**What you have to do**
Which lines in the records below include the word "UNIPAMPA"? Report each of them in full.

[Stored records]
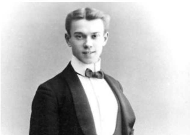
Нижинский В.Ф. (1889-1950)
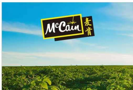
麦肯马铃薯产业园 potato Industrial Park of McCain
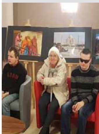
W oczekiwaniu na seans
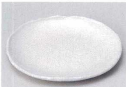
207-22-1A3 660円 1911172002 粉引5.5皿 (16.5×14.8×1.5H) 207-23-1A3 540円 1911172003 粉引4.5皿 (13.8×12.7×1.5H)
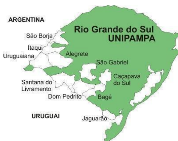
Figura 1: Distribuição dos Campi da UNIPAMPA pelo Rio Grande do Sul

Na figura 1 apresenta-se o mapa do Rio Grande do Sul com a localização dos 10 campi da UNIPAMPA.
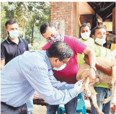
कोरबा
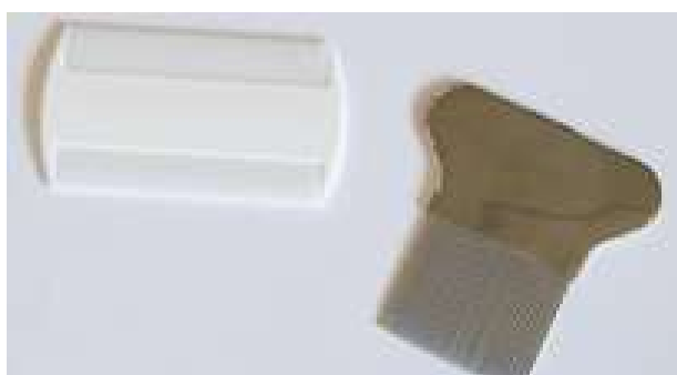
luizen- of stofkam (links) en neten- of nisskakam (rechts)
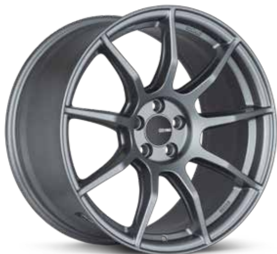
Platinum Gray (GR)
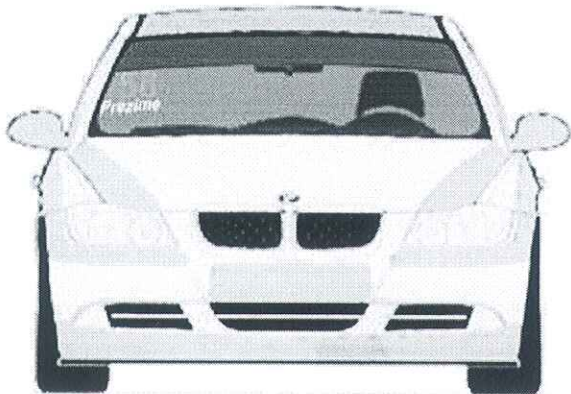
Prednjem vetrobranskom staklu. broj je visine 14cm sa debljinom linije od 2cm, font je Arial BOLD
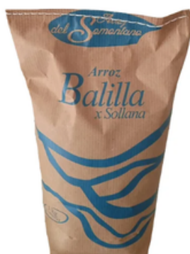
Arroz del Somontano Balilla (1 kg)
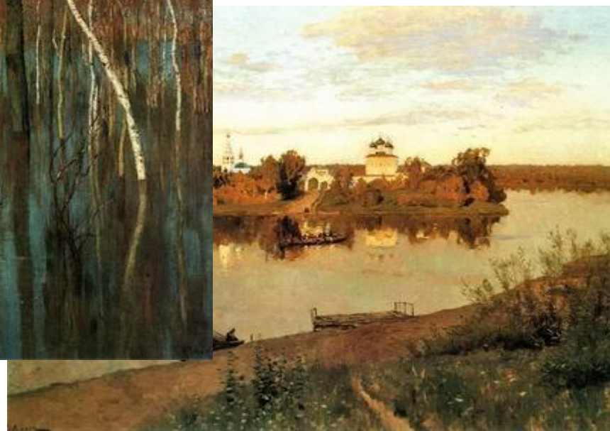
И.И.Левитан «Вечерний звон»
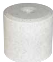
4 x 5 kg Block Art.Nr. 991.734
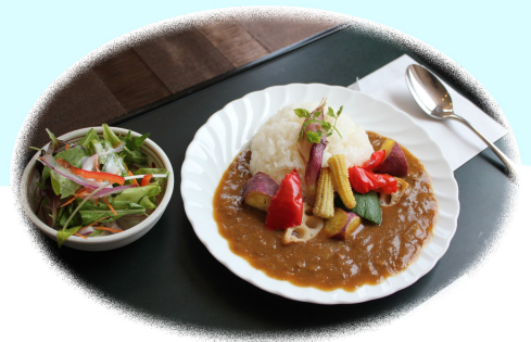
『野菜ゴロゴロカレー』
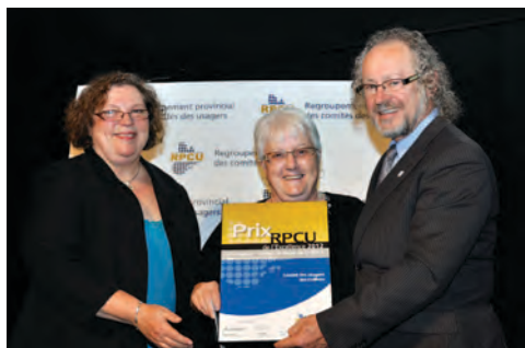
Catégorie Information Mention spéciale du jury (Budget de moins de 25 000 $) Le comité des usagers du CSSS des Collines (Outaouais).
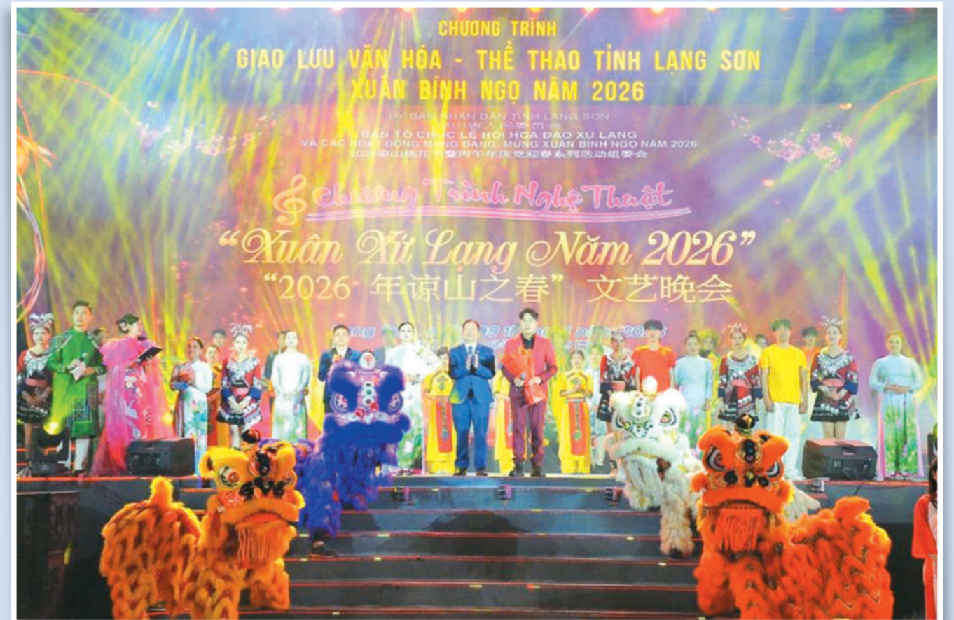
Chương trình giao lưu nghệ thuật "Xuân Xứ Lạng năm 2026" với sự tham gia của các nghệ sĩ, diễn viên đến từ thị Bằng Tường, Quảng Tây, Trung Quốc - tháng 2/2026. Ảnh: LA MAI / Art exchange program "Spring in Lang Son 2026" with the participation of artists and performers from Pingxiang county, Guangxi, China - February 2026. Photo: LA MAI
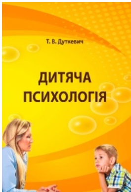
Дитяча психологія. Практикум
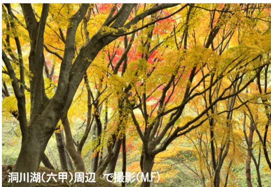
洞川湖(六甲)周辺で撮影(MF)
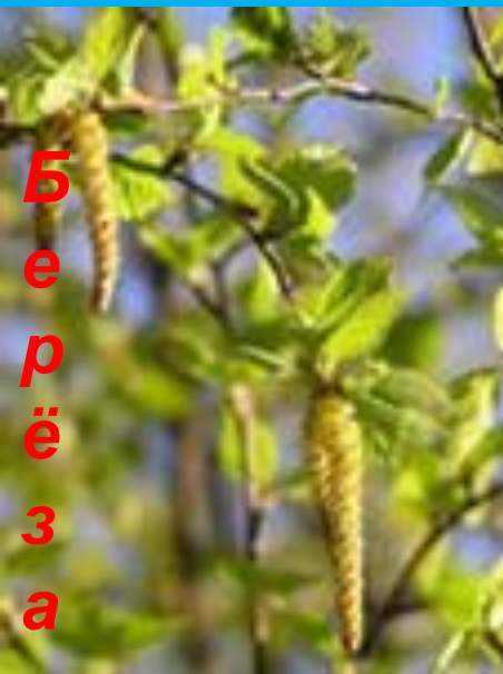
Б е р ё з а
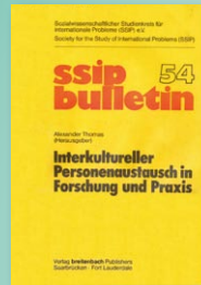
Alexander Thomas (Hrsg.) Interkultureller Personenaustausch in Forschung und Praxis
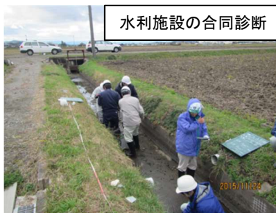
水利施設の合同診断
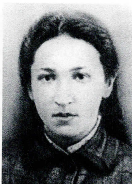
Вера Ивановна Засулич
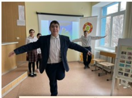
МЕЖДУНАРОДНЫЙ ДЕНЬ РОДНОГО ЯЗЫКА
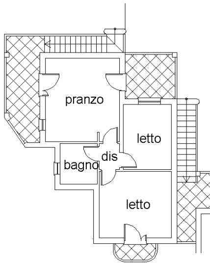
- PIANO PRIMO - Hm = 2,70
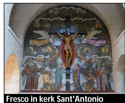
Fresco in kerk Sant'Antonio
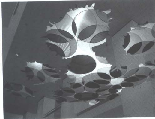
cromografía © Santiago Borja
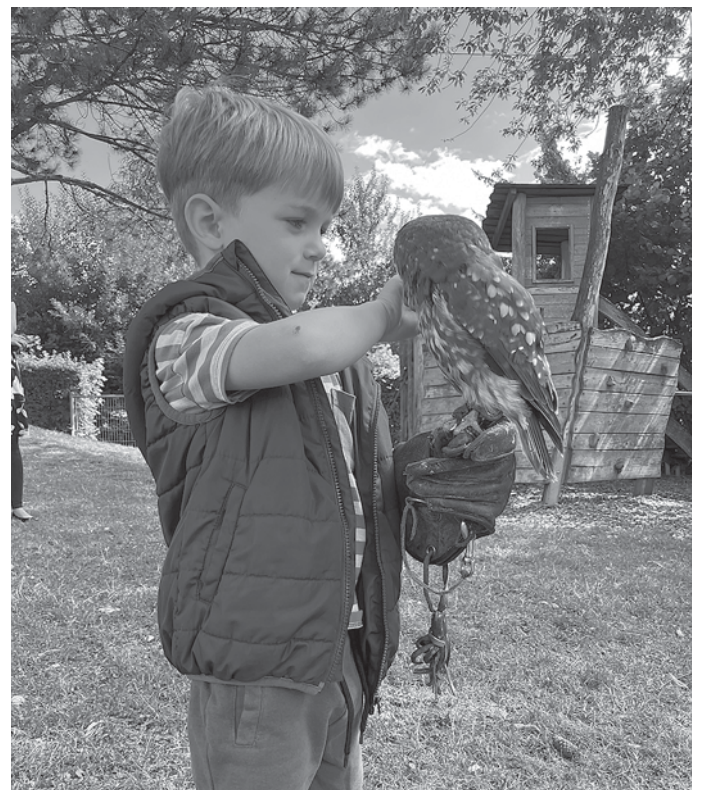
Greifvögel zu Gast im Kindergarten „Paul Reusch“ in Strümpfelbach

Greifvögel zu Gast im Kindergarten „Paul Reusch“ in Strümpfelbach
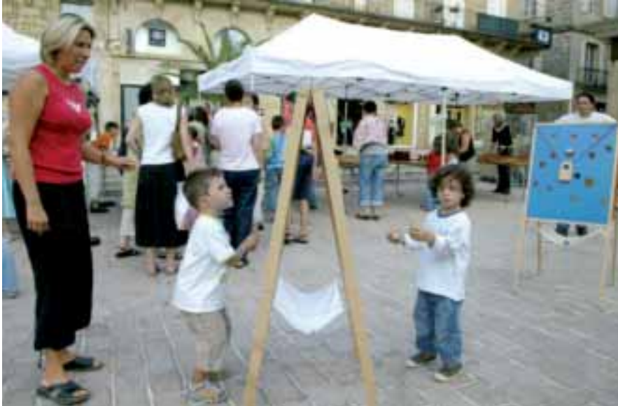
La fête du jeu en 2006, place du Civoire, organisée par la ludothèque qui fêtait ses vingt ans.

Cela se passe le 26 mai partout en France et cela s'appelle la Fête du jeu. A Brive, le service communal de la Petite enfance et la ludothèque se mettent en quatre pour faire de cette journée, la 9 e , un feu d'artifice ludique. Comme en 2006, la ludothèque s'expatrie pour le temps d'une journée place du Civoire, de 14h à 18h. Respectant la charte de la Fête du jeu, toutes les animations proposées aux enfants et aux plus grands - il n'y a pas d'âge pour s'amuser - seront bien évidemment gratuites. Jeux d'adresse, de stratégie, de créations, des jeux traditionnels ou surdimensionnés, il y en aura pour tous les goûts et toutes les aventures ludiques.
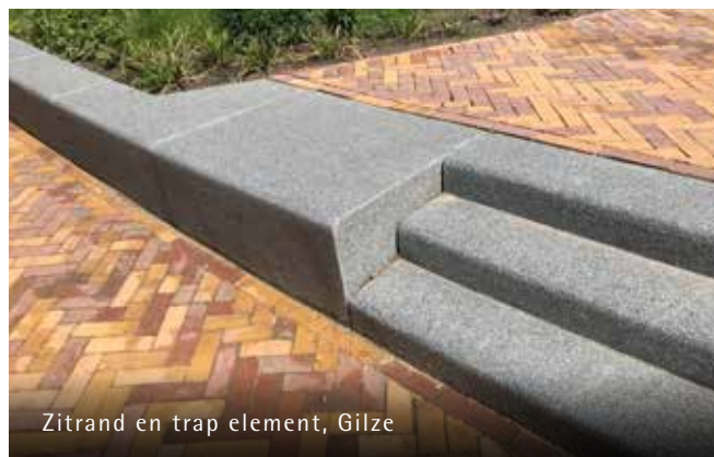
Zitrand en trap element, Gilze
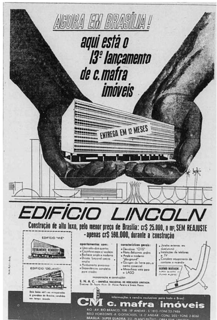
Figura 4 - Anúncio de venda de apartamentos na Asa Sul do Plano Piloto.
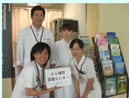
相談実績（20年4月～21年12月）

受付・お問い合わせ：2階 がん相談支援センター TEL.072-922-0881【代表】
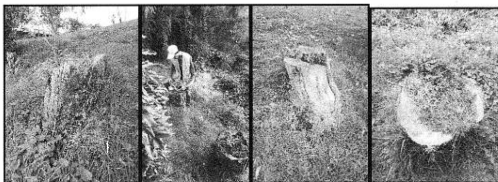
Imagen 1. Cornare. 2022. Tocones resultantes del aprovechamiento forestal.
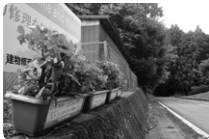
自転車ロードレースコース沿いに飾られたプランターで大会を盛り上げます

町民総ぐるみで町を花いっぱいにし、全国から訪れる方々を真心のこもったおもてなしで歓迎するため、花いっぱい運動を実施しています。現在、町内の事業所や団体の方々に協力をいただき、花とともに応援プレートや選手へのメッセージ入りのシールを貼ったプランターを設置しています。近くを通りかかった際は、ぜひご覧ください。

**Response**
Figura 1: Distribuição dos Campi da UNIPAMPA pelo Rio Grande do Sul
Na figura 1 apresenta-se o mapa do Rio Grande do Sul com a localização dos 10 campi da UNIPAMPA.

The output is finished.